Give the records again in full, exactly as they appear, but without the pictures.

┌─ WORKING DATA

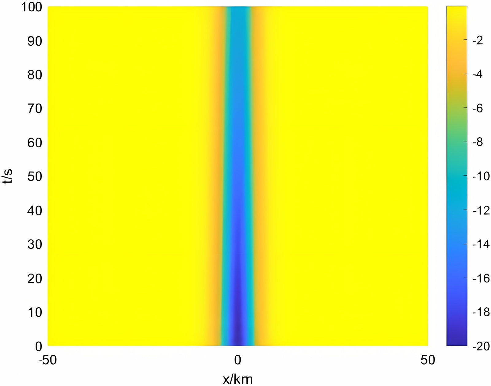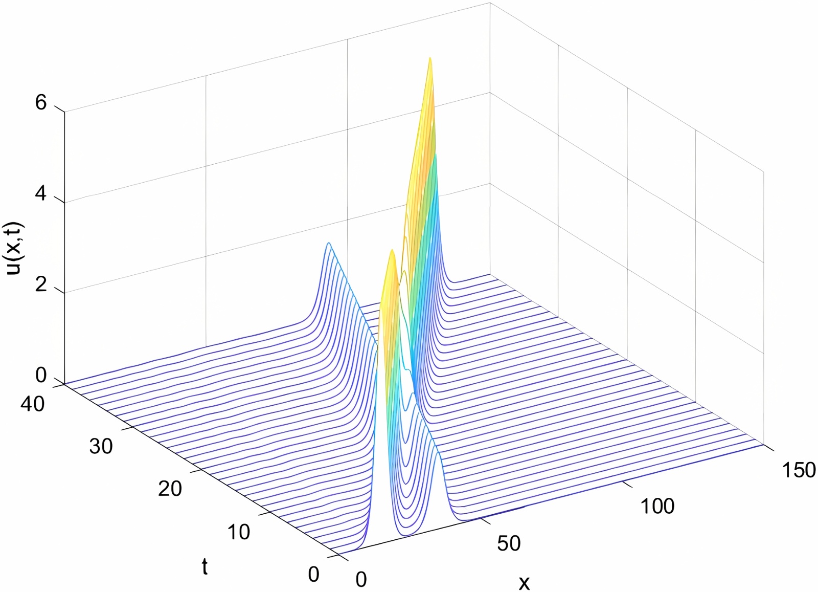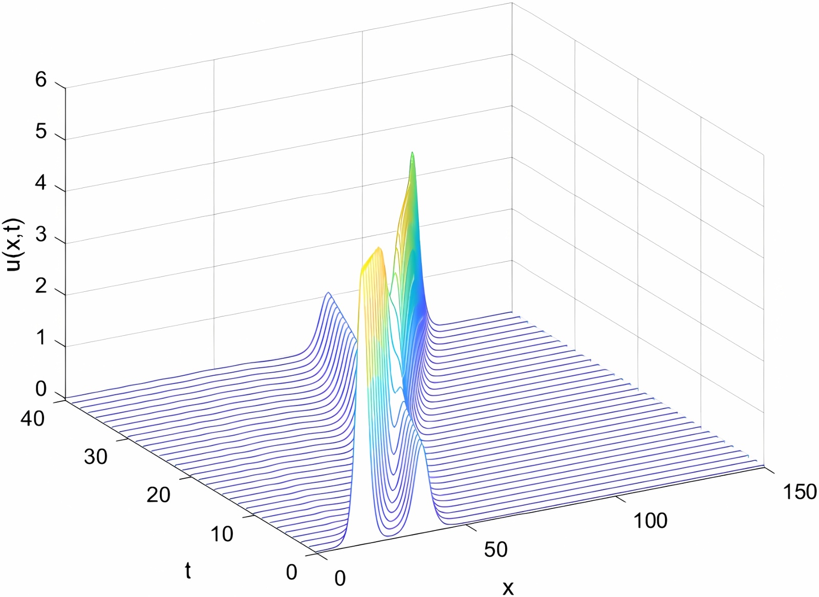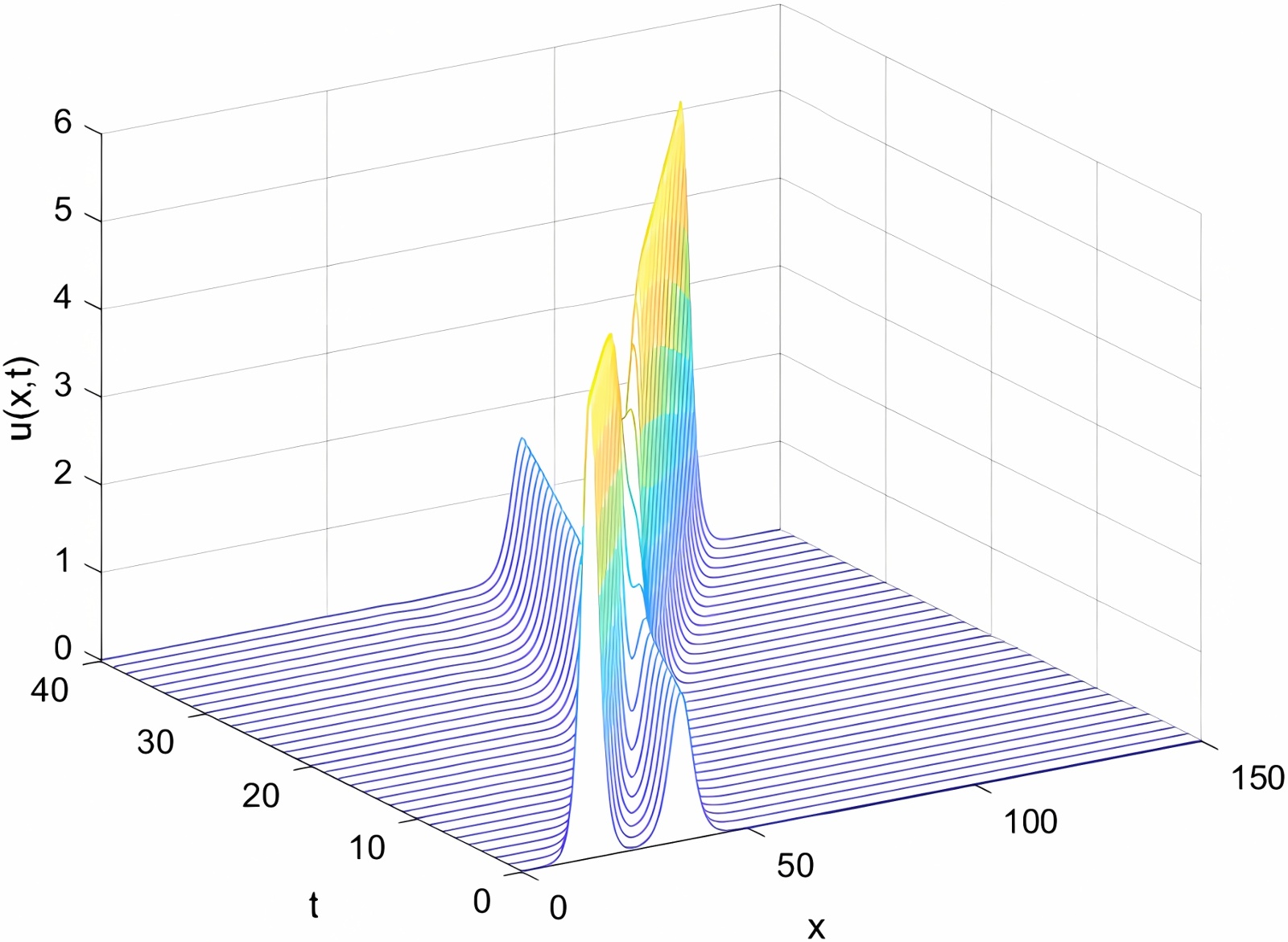 Figure 1. The propagation and evolution diagram of a single solitary wave (γ = 0.01)
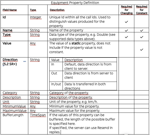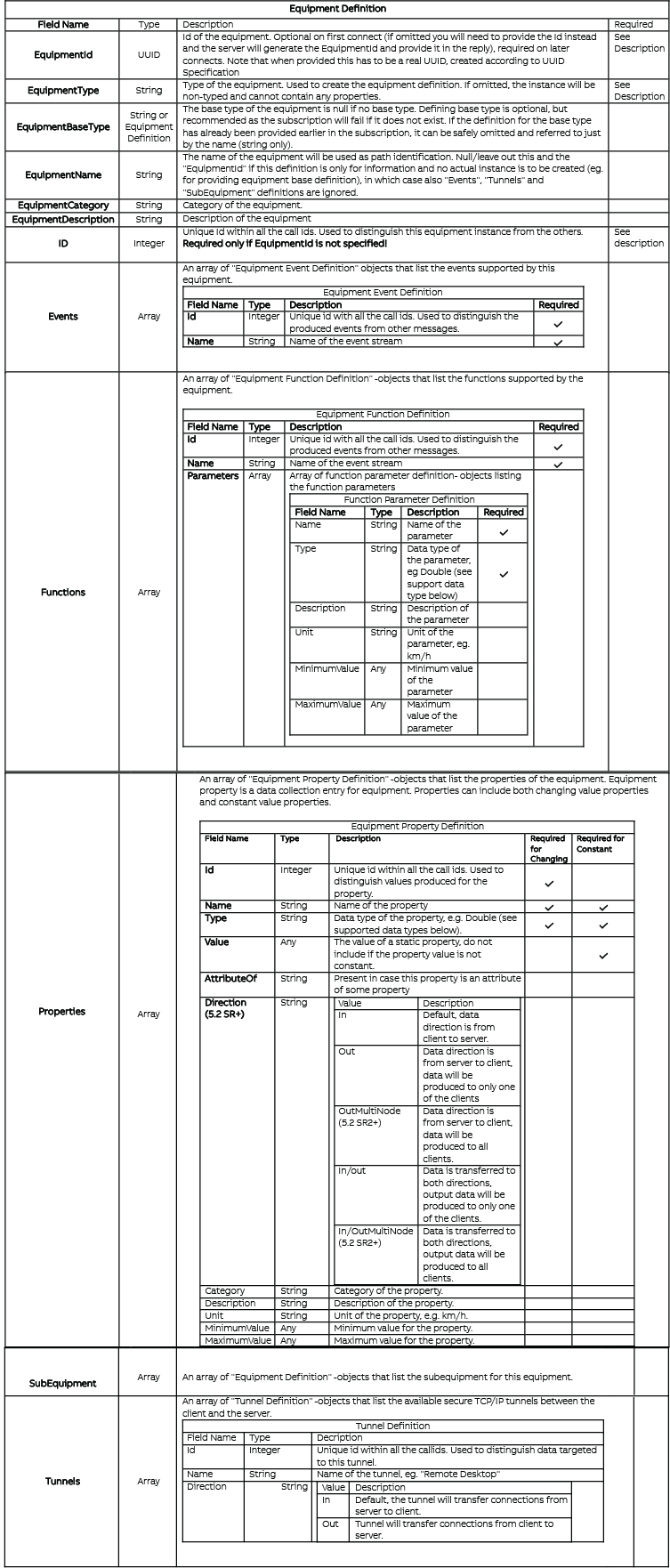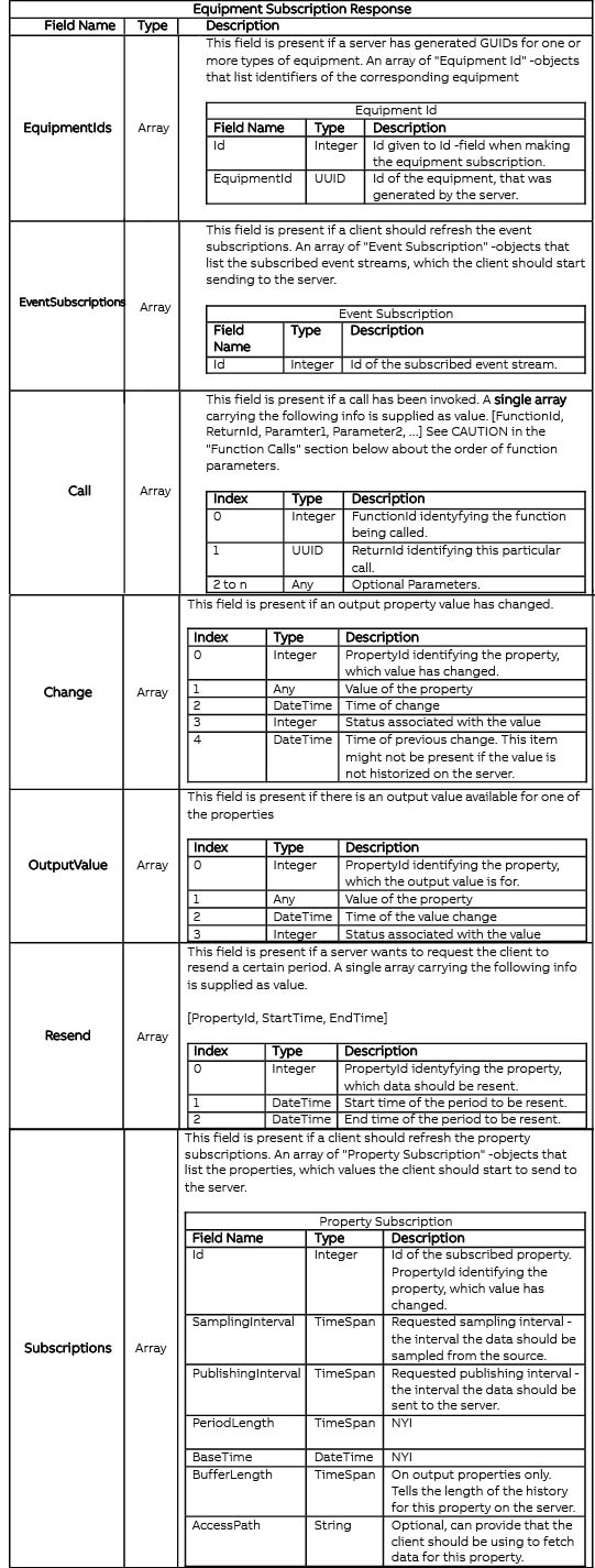 | SubscribeEquipmentSession | Equipment Definition | Equipment Subscription Response | Initialises a session with a server that allows data and event production as well as the server to invoke function calls back to the client according to the definition provided by the client. |
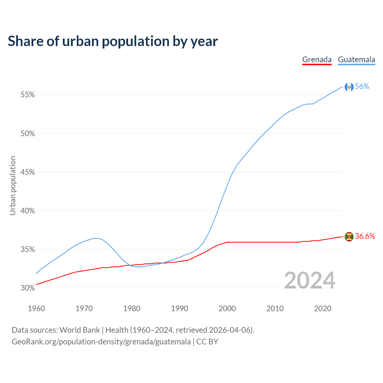 From 2004 to 2024, the share of urban population changed from 35.9% to 36.6% in Grenada and from 47.3% to 56% in Guatemala.
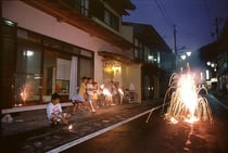 ぎおんの由来は、水窪町では昔から山吹屋根の家が多く火災防止のため、花火をできる日を限定したのが定説となっていますが、他説では昔、京都から天皇のお孫にあたるお方が水窪にお住まいになられた時、京都を懐かしんで花火をやったことが始まりとも言われています。始まりは、はっきりわかりませんが、町中に風習がただよういい雰囲気になります。
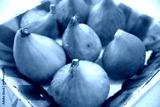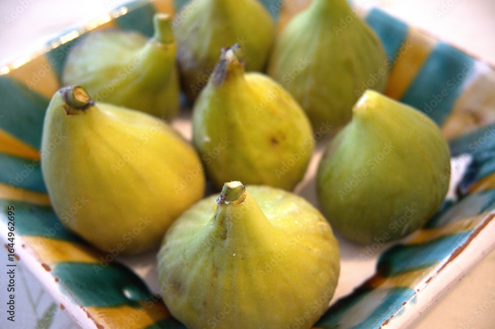 Close-up of ripe figs served on a vibrant decorative plate placed on a table, showcasing their rich colors and textures.
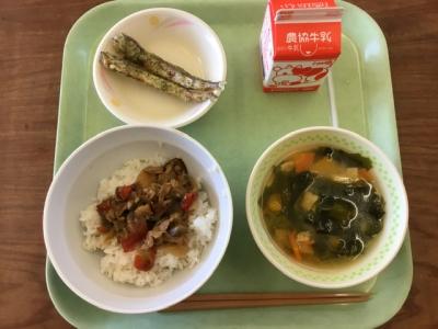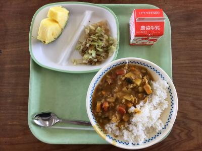 夏野菜には暑さから体を守る栄養がいろいろと含まれています。今日は夏野菜を使ったカレーです。暑さに負けず元気に過ごしましょう。
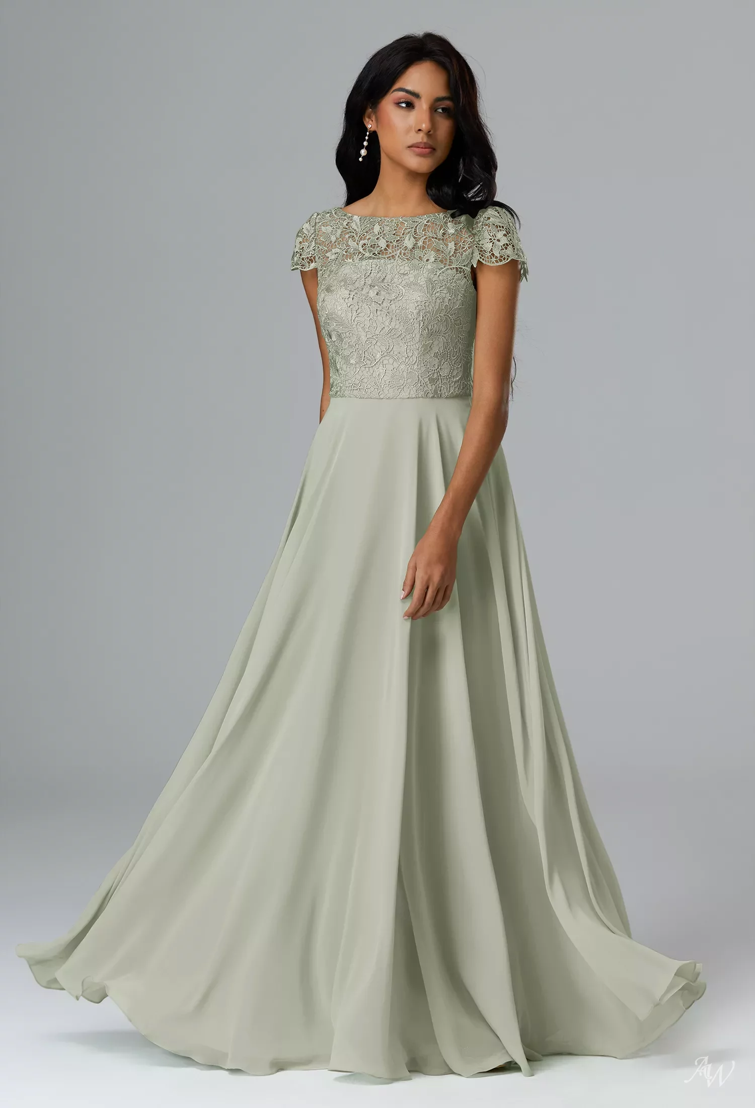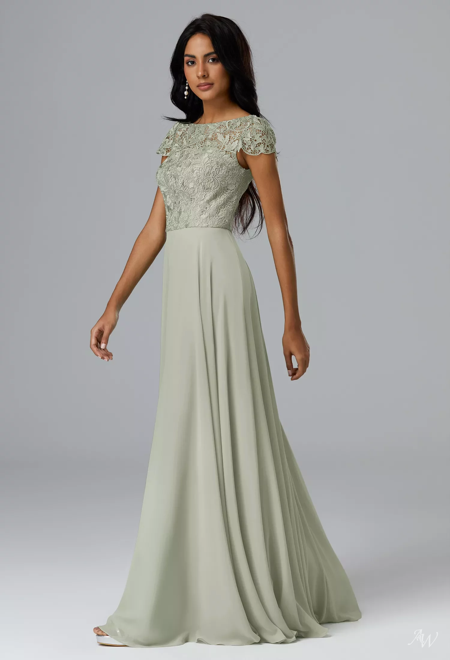 AW Katy Dress, Sage Green Lace Floor Length Bateau Neckline Bridesmaid ...
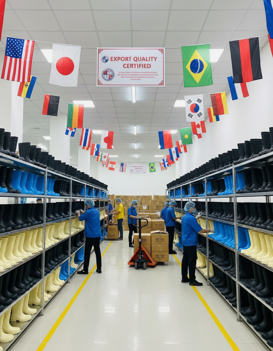 Precision-engineered PVC boots crafted for international distributors. Reliable protection from Vietnam's leading industrial footwear manufacturer.
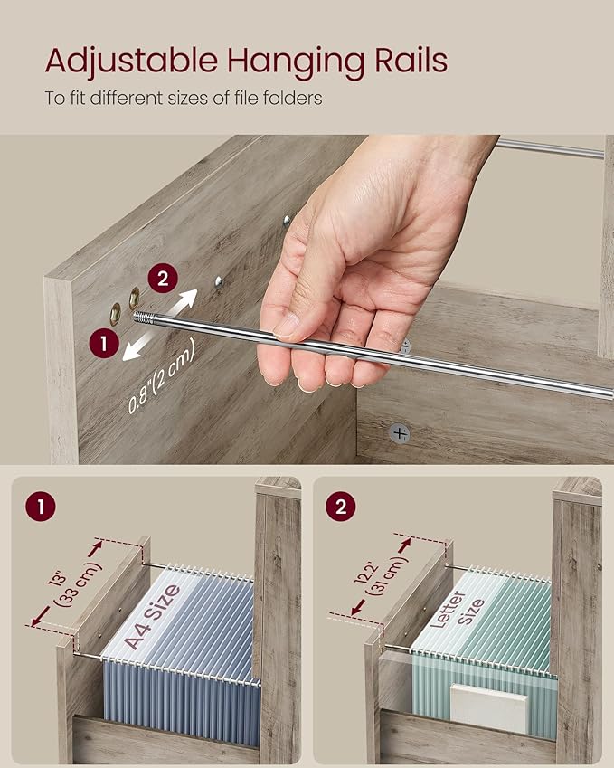 - 【PLENTY OF STORAGE】With 2 spacious drawers, this file cabinet can neatly store 90-130 sheets of documents in each, meeting your daily filing needs. Adjustable hanging rails inside the drawers fit both A4 and letter size folders
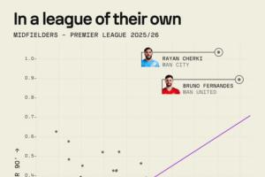 24直播网04月23日讯 sofascore统计了每90分钟创造的机会和进球/助攻比,谢尔基和B费断档领先,没有其他中场球员更接近。
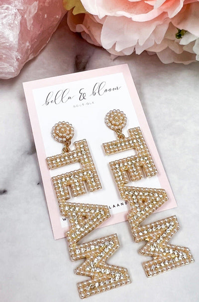 Fuzzy BRIDE Earrings: Gold/White
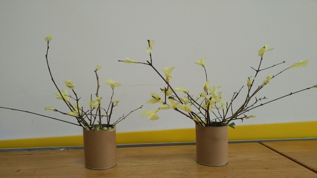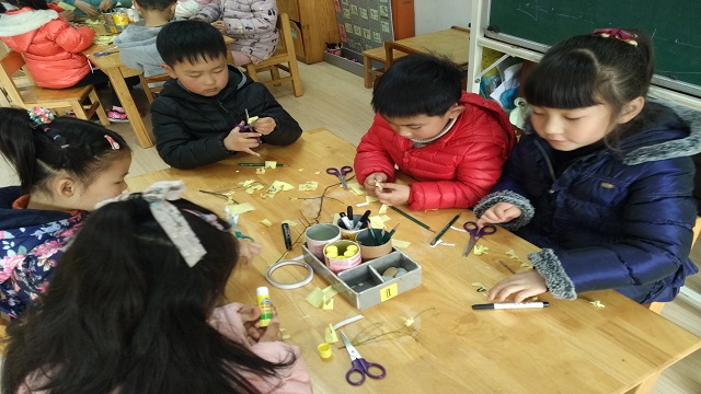 孩子们用捡来干枯枝条当做迎春花的花枝,用皱纹纸来剪出迎春花的形状,把剪出来的花瓣用胶水粘贴在干枯的枝条上。一朵,一朵,又一朵……慢慢的原先还干枯毫无生命力的枝条变得生动起来,孩子们给花树枝注入了新鲜的活力!看着通过自己动手制作出的迎春花,孩子们美在其中。
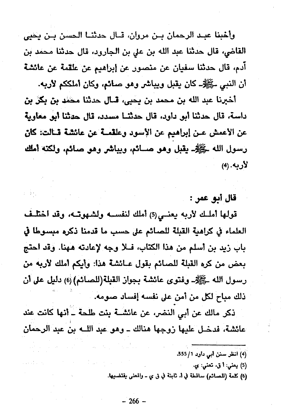 قَالَ أَبُو عُمَرَ قَوْلُهَا أَمْلَكَ لِإِرْبِهِ يَعْنِي أَمْلَكَ لِنَفْسِهِ وَلِشَهْوَتِهِ وَقَدِ اخْتَلَفَ الْعُلَمَاءُ فِي كَرَاهِيَةِ الْقُبْلَةِ لِلصَّائِمِ عَلَى حَسَبِ مَا قَدَّمْنَا ذِكْرَهُ مَبْسُوطًا فِي بَابِ زَيْدِ بْنِ أَسْلَمَ مِنْ هَذَا الْكِتَابِ فَلَا وَجْهَ لإعادته ههنا

└─

> [ANSWER FOR THE TASK]
 Figure 1. The propagation and evolution diagram of a single solitary wave (γ = 0.01)
 | SubscribeEquipmentSession | Equipment Definition | Equipment Subscription Response | Initialises a session with a server that allows data and event production as well as the server to invoke function calls back to the client according to the definition provided by the client. |
 From 2004 to 2024, the share of urban population changed from 35.9% to 36.6% in Grenada and from 47.3% to 56% in Guatemala.
 ぎおんの由来は、水窪町では昔から山吹屋根の家が多く火災防止のため、花火をできる日を限定したのが定説となっていますが、他説では昔、京都から天皇のお孫にあたるお方が水窪にお住まいになられた時、京都を懐かしんで花火をやったことが始まりとも言われています。始まりは、はっきりわかりませんが、町中に風習がただよういい雰囲気になります。
 Close-up of ripe figs served on a vibrant decorative plate placed on a table, showcasing their rich colors and textures.
 夏野菜には暑さから体を守る栄養がいろいろと含まれています。今日は夏野菜を使ったカレーです。暑さに負けず元気に過ごしましょう。
 AW Katy Dress, Sage Green Lace Floor Length Bateau Neckline Bridesmaid ...
 Precision-engineered PVC boots crafted for international distributors. Reliable protection from Vietnam's leading industrial footwear manufacturer.
 - 【PLENTY OF STORAGE】With 2 spacious drawers, this file cabinet can neatly store 90-130 sheets of documents in each, meeting your daily filing needs. Adjustable hanging rails inside the drawers fit both A4 and letter size folders
 24直播网04月23日讯 sofascore统计了每90分钟创造的机会和进球/助攻比,谢尔基和B费断档领先,没有其他中场球员更接近。
 Fuzzy BRIDE Earrings: Gold/White
 孩子们用捡来干枯枝条当做迎春花的花枝,用皱纹纸来剪出迎春花的形状,把剪出来的花瓣用胶水粘贴在干枯的枝条上。一朵,一朵,又一朵……慢慢的原先还干枯毫无生命力的枝条变得生动起来,孩子们给花树枝注入了新鲜的活力!看着通过自己动手制作出的迎春花,孩子们美在其中。
 قَالَ أَبُو عُمَرَ قَوْلُهَا أَمْلَكَ لِإِرْبِهِ يَعْنِي أَمْلَكَ لِنَفْسِهِ وَلِشَهْوَتِهِ وَقَدِ اخْتَلَفَ الْعُلَمَاءُ فِي كَرَاهِيَةِ الْقُبْلَةِ لِلصَّائِمِ عَلَى حَسَبِ مَا قَدَّمْنَا ذِكْرَهُ مَبْسُوطًا فِي بَابِ زَيْدِ بْنِ أَسْلَمَ مِنْ هَذَا الْكِتَابِ فَلَا وَجْهَ لإعادته ههنا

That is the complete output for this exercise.